Attendees: James, Matt,  Andy Steed, Dan B., Vincent, Christian, Olivier, Moritz, Andreas, Dave G., Michele, dankico (Dan), Markus, Tyson, Jason, Duy, Dragos, Rodric, Priti, Sandeep, himavanth, Martin, Vadim, Carlos
Notes:
  • James Thomas is moderating today
  • last meeting was 2018-04-11
Introductions of new attendees
  • Andy Steed (Adobe): starting to work on OW project, getting on-boarded
  • Dan Kelso, comes from Apache Sling looking at OW and Java tooling…

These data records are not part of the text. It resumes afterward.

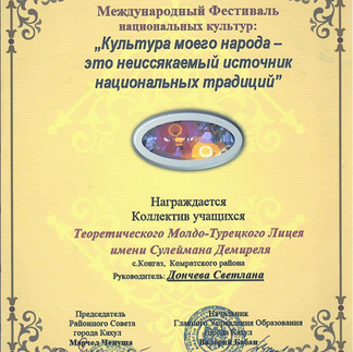 В лицее Д. Кантемира г. Кагул, 9 апреля состоялся фестиваль национальных культур, наш лицей также принял участие. На этом фестивале учащиеся ТМТЛ им. С. Демиреля с. Конгаз показали турецкий и гагаузкий народные танцы. Была очень теплая дружеская атмосфера, все участники воодушевленные и довольные вернулись домой!
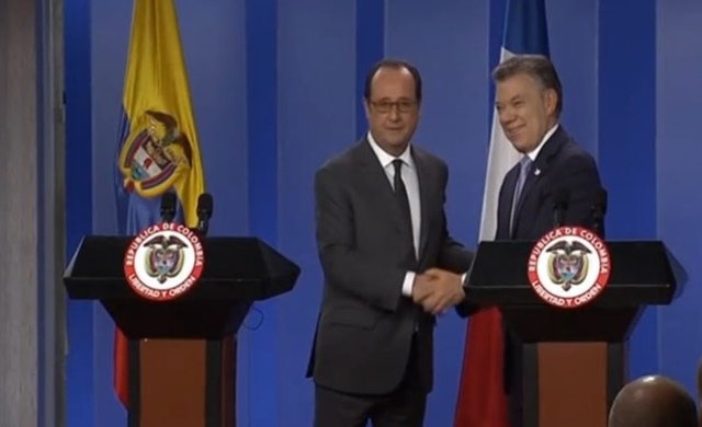 ครั้งนี้นับเป็นการเยือนในระดับประธานาธิบดีฝรั่งเศสครั้งแรกที่โคลอมเบียในรอบ 28 ปี ประธานาธิบดีโอลลองด์ได้รับการต้อนรับจากประธานาธิบดีฆวน มานวยล์ ซานโตสผู้นำโคลอมเบียอย่างสมเกียรติ คาดว่าผู้นำฝรั่งเศสมีกำหนดเดินทางไปยังพื้นที่ท้องถิ่นซึ่งกองกำลังปฏิวัติติดอาวุธโคลอมเบียเตรียมมอบอาวุธให้กับคณะผู้สังเกตการณ์ที่สหประชาชาติสนับสนุนตามแผนความตกลงสันติภาพครั้งประวัติศาสตร์ ฝรั่งเศสเป็นผู้สนับสนุนหลักของข้อตกลงสันติภาพในฐานะสมาชิกถาวรคณะมนตรีความมั่นคงแห่งสหประชาชาติ และการบริจาคความช่วยเหลือฟื้นฟูท้องถิ่นผ่านทางสหภาพยุโรป .- สำนักข่าวไทย
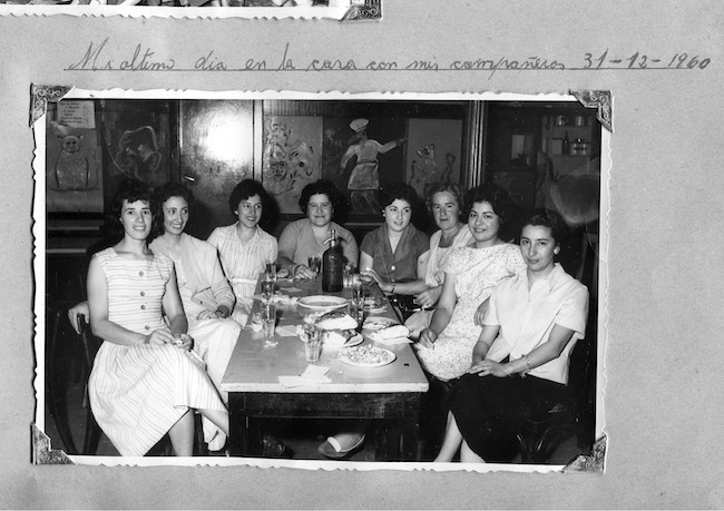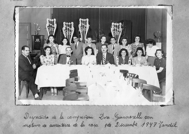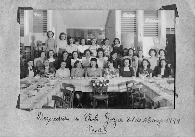 El álbum se inicia así con imágenes que muestran a Sara en los espacios laborales por los que transitó. Sin embargo, no es el trabajo como actividad lo que se encuentra representado en ellas, sino lo significativo del ámbito laboral como espacio de -y ocasión para- la sociabilidad. En esas primeras páginas que abarcan un periodo que va de 1944 a 1960, las fotografías seleccionadas fueron todas tomadas en ocasión de celebraciones y despedidas. Algunas de ellas muestran a Sara y sus compañeras(os) reunidos para la ocasión en el taller o en el amplio patio de la casa comercial; en otras, Sara y el grupo de compañeras(os) son retratados en confiterías, clubes o restaurants (véanse imágenes 3 y 4).
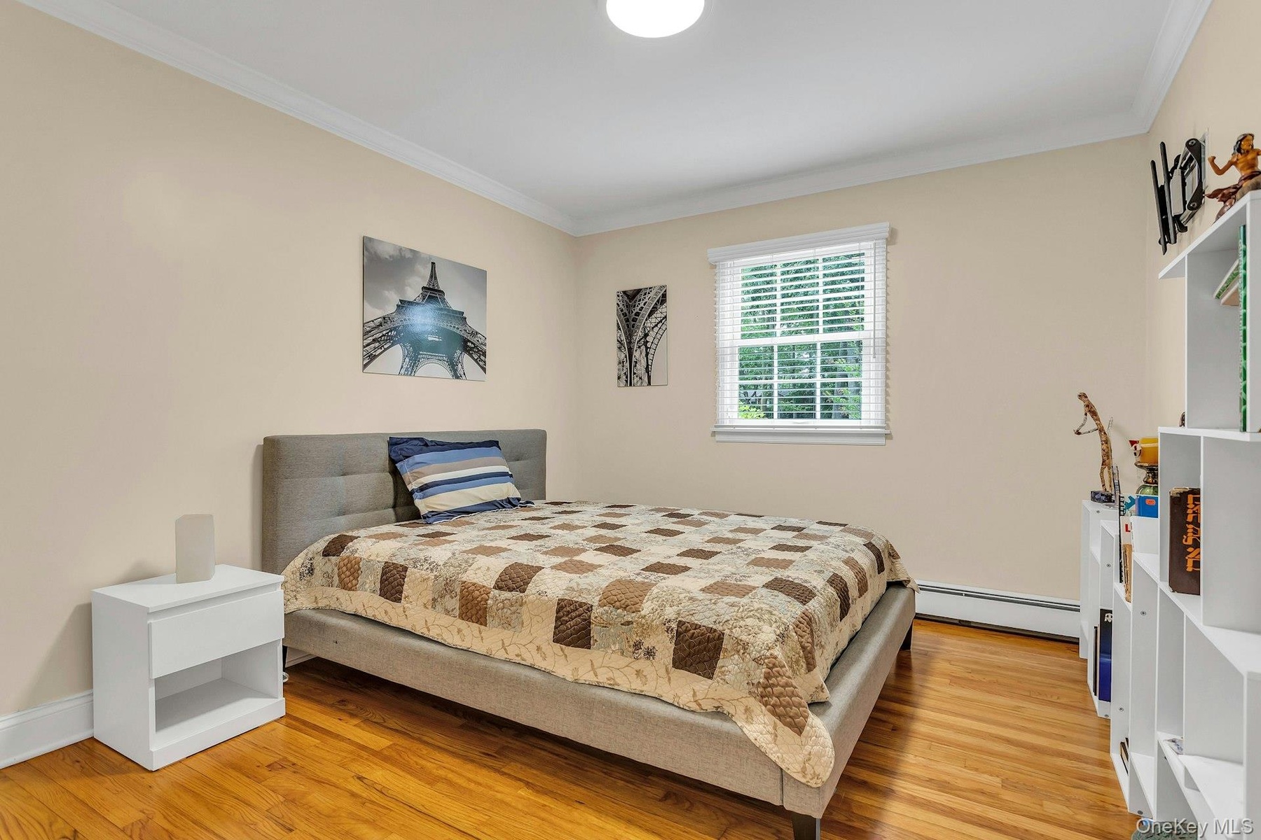 - Bedroom with baseboard heating, ornamental molding, and light wood finished floors
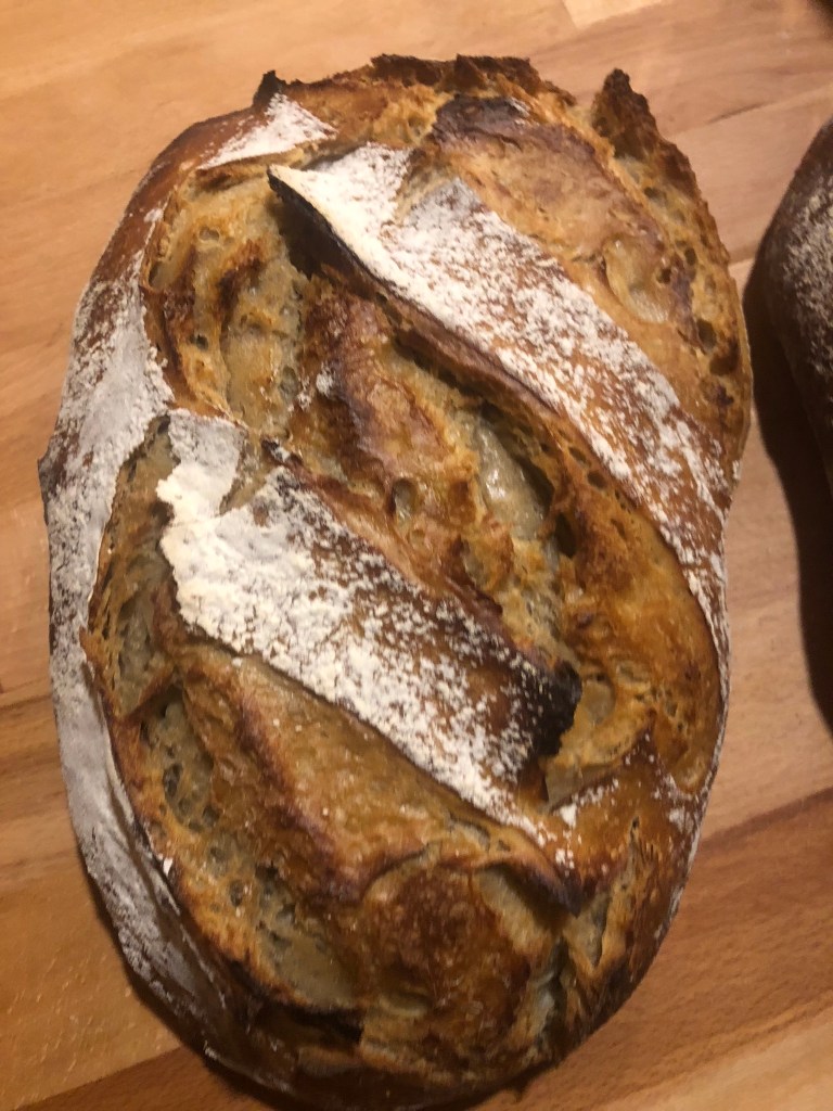 je produis du pain au levain, pétri à la main et cuit au four à bois à partir de farines bio et locales.
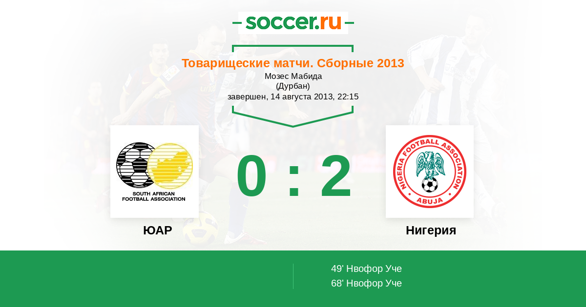 ЮАР - Нигерия: обзор матча 14 августа 2013
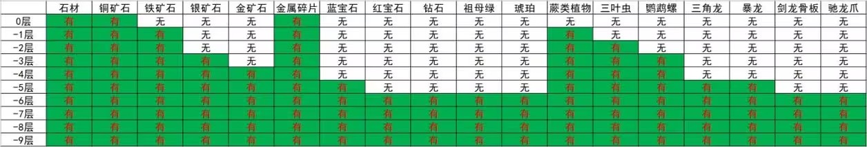 -6~-9层:钻石、红宝石、祖母绿、琥珀、剑龙骨板、驰龙爪
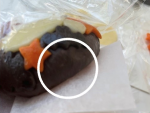 パン生地側面のクッキー生地が付いていない部分(画像の〇枠部分)に、霧吹きをしてから残っているクッキー生地のパーツを貼り付けて、出来るだけ隙間を埋めます。
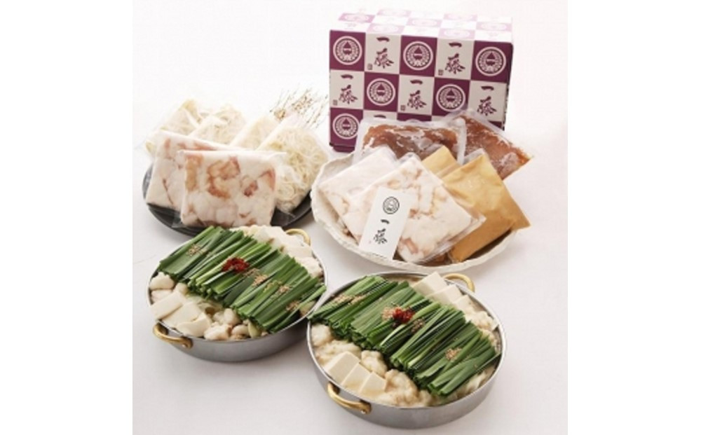 「もつ鍋 一藤」の味噌味とあっさり醤油味のもつ鍋食べ比べセット。テレビショッピングで紹介された大反響のセットです!
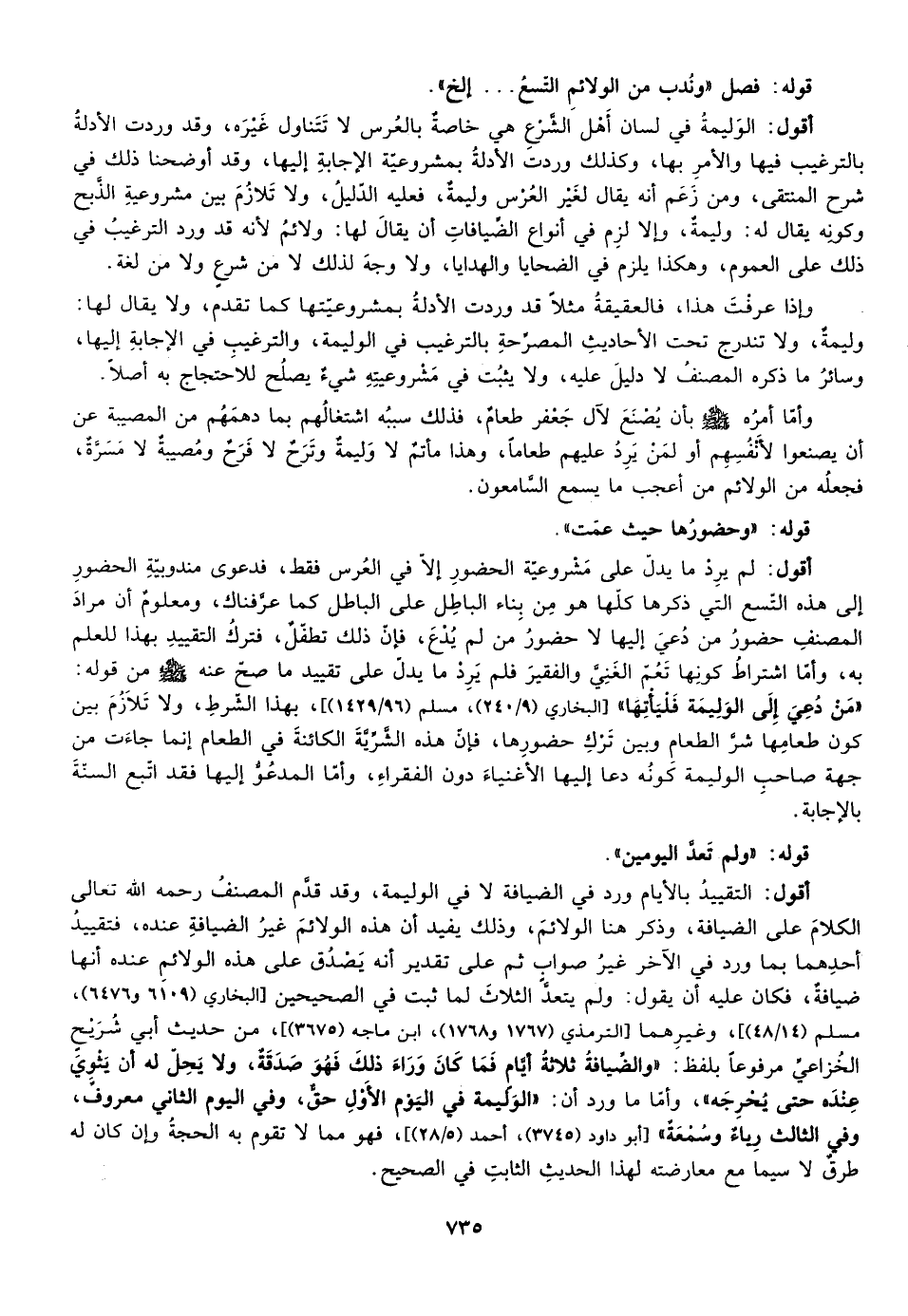 أقول: التقييد بالأيام ورد في الضيافة لا في الوليمة وقد قدم المصنف رحمه الله الكلام على الضيافة وذكر هنا الولائم وذلك يفيد أن هذه الولائم غير الضيافة عنده فتقييد أحدهما بما ورد في الآخر غير صواب ثم على تقدير أنه يصدق على هذه الولائم عنده أنها ضيافة فكان عليه أن يقول ولم يتعد الثلاث لما ثبت في الصحيحين [البخاري "6109، 6476"، مسلم "14/48"] ، وغيرهما [الترمذي "1767، 1768"، ابن ماجة "3675"] ، من حديث ابن شريح الخزاعي مرفوعا بلفظ: "والضيافة ثلاثة أيام فما كان كان وراء ذلك فهو صدقة ولا يحل أن يثوى عنده حتى يحرجه" وأما ما ورد "أن الوليمة في اليوم الأول حق وفي اليوم الثاني معروف ومن الثالث رياء وسمعة"، [أبو داود "3745"، أحمد "5/28"، فهو مما لا تقوم به الحجة وإن كان له طرق لا سيما مع معارضته لهذا الحديث الثابت في الصحيح.
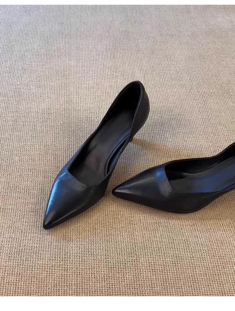 Phiên bản da cừu ~ Giày cao gót mũi nhọn kiểu dáng cổ điển, da thật cao cấp, tối giản và sang trọng, đa năng dành cho nữ
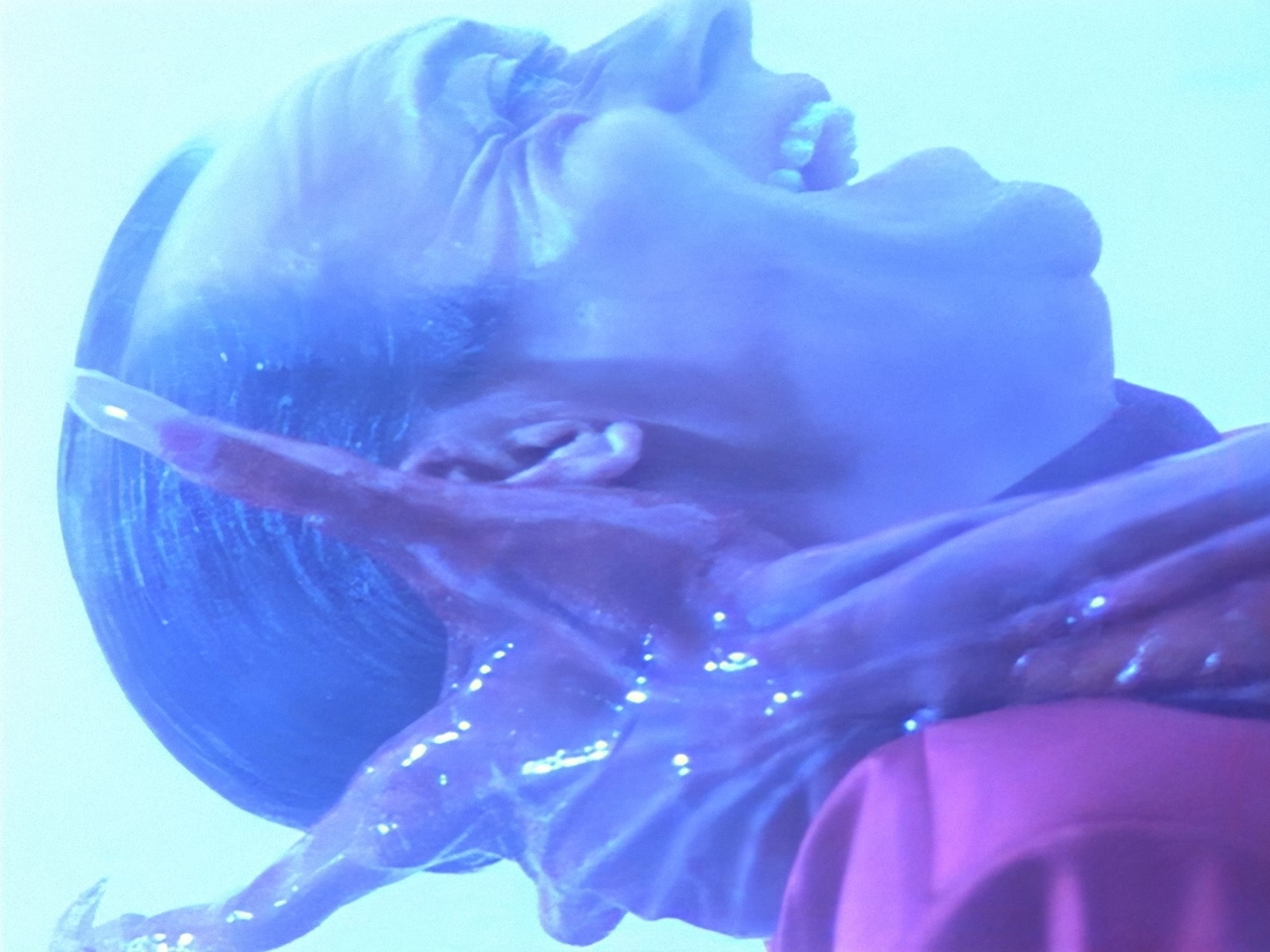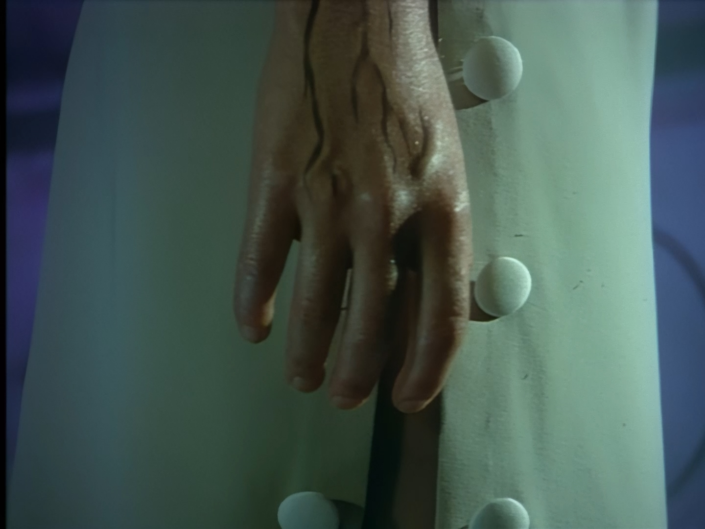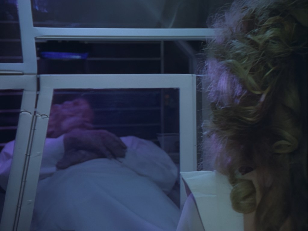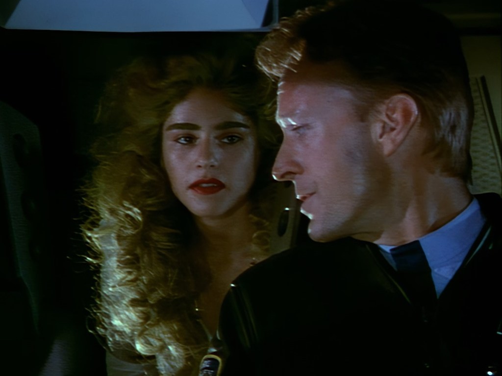 You might think that getting teary-eyed is a bit much considering Haldane barely knows this woman. But frankly that’s more of a fault with the script than Rob Youngblood’s performance. He’s committed to the utter nonsense he’s been given to perform and you’ve got to admire him for that. Likewise, Lana Citron is working hard too, albeit it’s much harder to tell because of the dubbing. The effect of the pulsing alien veins on her hands is really nicely done I must say.

  • Moritz: intro’d myself joined project 4 weeks ago
Open comments on status/updates in a few areas:
  • Main/core OpenWhisk 
    • https://github.com/apache/incubator-openwhisk/pulls?utf8=%E2%9C%93&q=is%3Apr+is%3Amerged
    • Status updates:
      • Markus: notable commits incl:
        • Christian adding perf. tests in core repo. (moved into core)
        • Intro. notion of cluster discovery, cluster orchest. become first class citizen of OW
          • needed for LB clusters (Mesos, Kube for example)
        • ArtifactStores, first bits merged
    • Concurrent Activations (Tyson updates, shares screen) [presentation: concurrent activations.pdf]
      • Use cases at Adobe have throughput reqs. where tolerances for latency are very low
      • mixed events from diff sources, system becomes “cold”, warm containers are lost, etc.
      • goal: run fewer containers with larger load, keep containers warm account for latency
      • PR 2795 “enable concurrent activation processing”
        • opened some time ago, now getting back to
      • Action Image changes:
        • Steps to achieve concurrency
          • Action image changes… 
          • PR31 under “nodejs”, to recognize, to remove state tracking to avoid concurrent activations (allow better external control)
          • Markus says “nuke it”
        • Actions are “interleaved” in log, need to prevent this interleaving…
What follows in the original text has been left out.